In the studies reviewed, most of the experiments have used analytical methods to assess extractable polyphenols (EPs).The solvents used to obtain EPs are typically aqueous-organic, commonly containing water, methanol, or acetone (Han et al., 2019). In contrast, non-extractable polyphenols (NEPs), also known as insoluble-bound phenolics, require enzymatic, acidic, or alkaline hydrolysis to be liberated to the extraction medium (de Camargo et al., 2016). These methods dissociate non-extractable polyphenols from cellulose, hemicellulose, polysaccharides, and polypeptides. Advanced techniques, such as ultrasound-assisted extraction and microwave-assisted extraction, are not able to successfully extract NEPs. The most effective method to release the NEPs is hydrolysis (Dzah et al., 2020). However, hydrolysis conditions may degrade polyphenols. After juicing, aronia pomace is a good source of NEPs. Enzyme-assisted extraction and high-pressure extraction methods have also been applied to recover NEPs from aronia berry pomace (Grunovaitė et al., 2016; Kitrytė et al., 2017); however, alkaline hydrolysis is expected to be the most efficient method to recover NEPs (de Camargo et al., 2016). The profile of aronia berry NEPs recovered by enzyme- assisted extraction and high-pressure extraction is similar to its free polyphenol profile (Grunovaitė et al., 2016; Kitrytė et al., 2017).

Although aronia berries show potential for numerous health benefits, consumption of whole aronia berry is limited by its astringency and bitterness.
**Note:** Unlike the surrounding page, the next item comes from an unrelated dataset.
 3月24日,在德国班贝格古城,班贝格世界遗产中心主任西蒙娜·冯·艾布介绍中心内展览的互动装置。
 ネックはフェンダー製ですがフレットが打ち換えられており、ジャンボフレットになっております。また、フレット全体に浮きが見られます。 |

Adding sugar or ethyl butyrate to aronia juice may reduce its bitterness, but does not change astringency and consumers’ preference (Duffy et al., 2016). Amygdalin is an aromatic cyanogenic glucoside compound that is responsible for a bitter-almond smell and contributes to aronia berry astringency. There are no recent studies on amygdalin content in aronia berries, but prior studies have reported 52.3 mg/100 g fwb in pomace (Kulling and Rawel, 2008). Proanthocyanidins also contribute to astringency, due to its interactions with salivary proteins (Soares et al., 2018). Some hydroxycinnamic acids, including vanillic and syringic acid, may also contribute to astringency (Sáenz-Navajas et al., 2010). Additional research to characterize the relative astringency of these components in aronia berries can help inform product development and masking strategies in food production.
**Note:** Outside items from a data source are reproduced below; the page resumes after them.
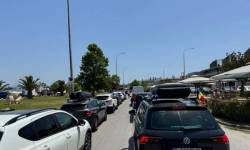 Από το λιμάνι της Κεραμωτής μέχρι το Χαϊδευτό έφτανε η ουρά των αυτοκινήτων το πρωί του Σαββάτου 19 Ιουνίου οι οδηγοί των οποίων περίμεναν τη σειρά τους για να ταξιδέψουν για το νησί της Θάσου.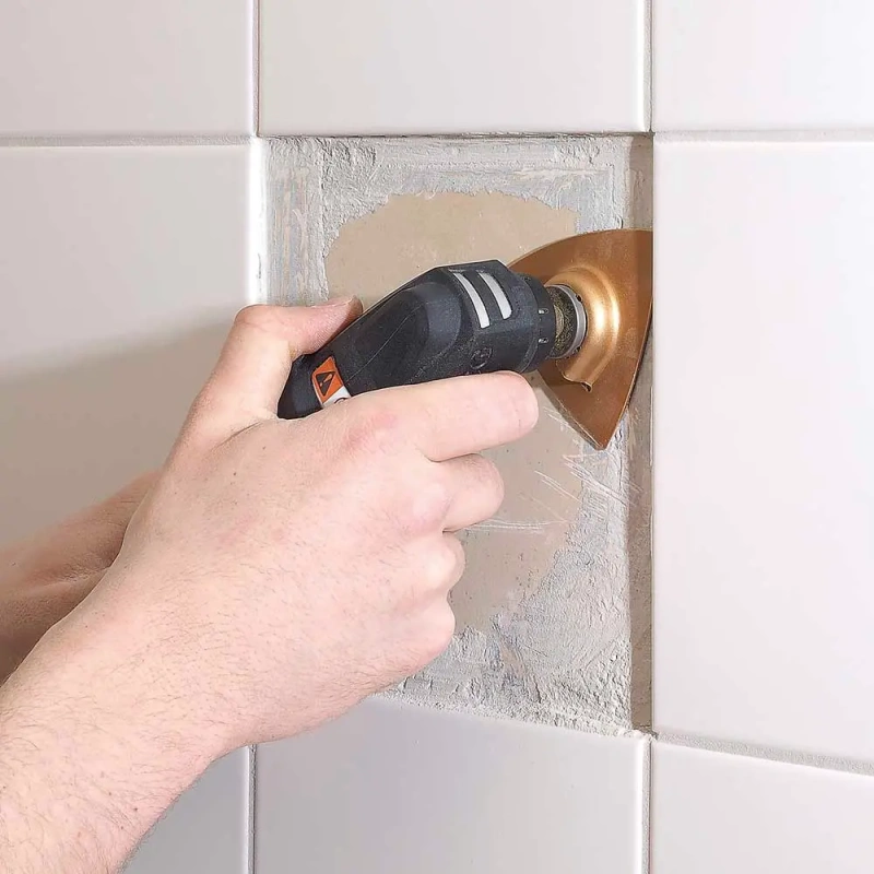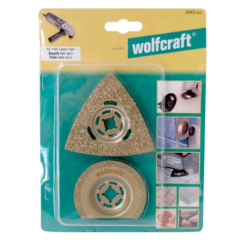 Universaaltööriista tarvikute komplekti kuuluvad kõvasulampuruga kolmnurkne lihvplaat ja radiaallõiketera kivi ja keraamiliste plaatide lõikamiseks. Sobib hästi nii ehitus-, rekonstrueerimis- kui remonditöödele.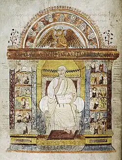 Of the four portrait pages, only that for Luke survives (Folio 129v). He is shown sitting on a marble throne, with a cushion, in an elaborate architectural setting, probably based on the scaenae frons of a Roman theatre – a common convention for Late Antique miniatures, coins and Imperial portraiture. The pose with the chin resting on a hand suggests an origin in classical author portraits of philosophers – more often evangelists are shown writing. Above a cornice sits the winged ox, Luke's evangelist's symbol. The pediment has an inscription with a hexameter from the Carmen Paschale by the 5th-century Christian poet Coelius Sedulius (Book 1, line 357):[22] "Iura sacerdotii Lucas tenet ore iuvenci" – "Luke holds the laws of priesthood in the mouth of the young bull" (iuvencus meaning also "young man").[23]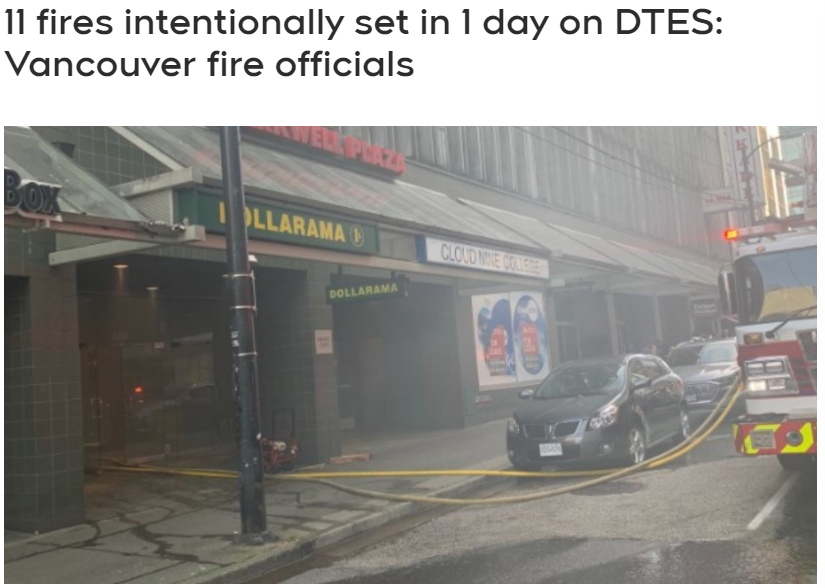 本周三(6月7日),温哥华市中心东区在短短几个小时之内,被恶意纵火11次!

Aronia berries contain higher antioxidant capacity than most foods (Pérez-Jiménez et al., 2010), but these tests neglect polyphenol metabolism and bioavailability. Thus, to understand the antioxidant and human health-promoting mechanisms of aronia polyphenol consumption, it is necessary to consider the metabolism and bioavailability of its polyphenols. While reports on polyphenol bioavailability have increased, there is still limited knowledge about the dynamics of polyphenol metabolism (Neilson et al., 2017; Shahidi et al., 2019). Bioavailability depends on their physicochemical stability, complex formation, food interaction, gastrointestinal absorption, and hepatic and gut metabolism (Luca et al., 2019). Recent work has described how the gut microbiome contributes to aronia polyphenol metabolism and bioavailability (Istas et al, 2019). Significant inter-individual variability of polyphenol metabolism and bioavailability may explain the variable outcomes in human intervention studies and are summarized in Table 11. The following subsections focus on describing the metabolism and bioavailability of aronia berry polyphenols.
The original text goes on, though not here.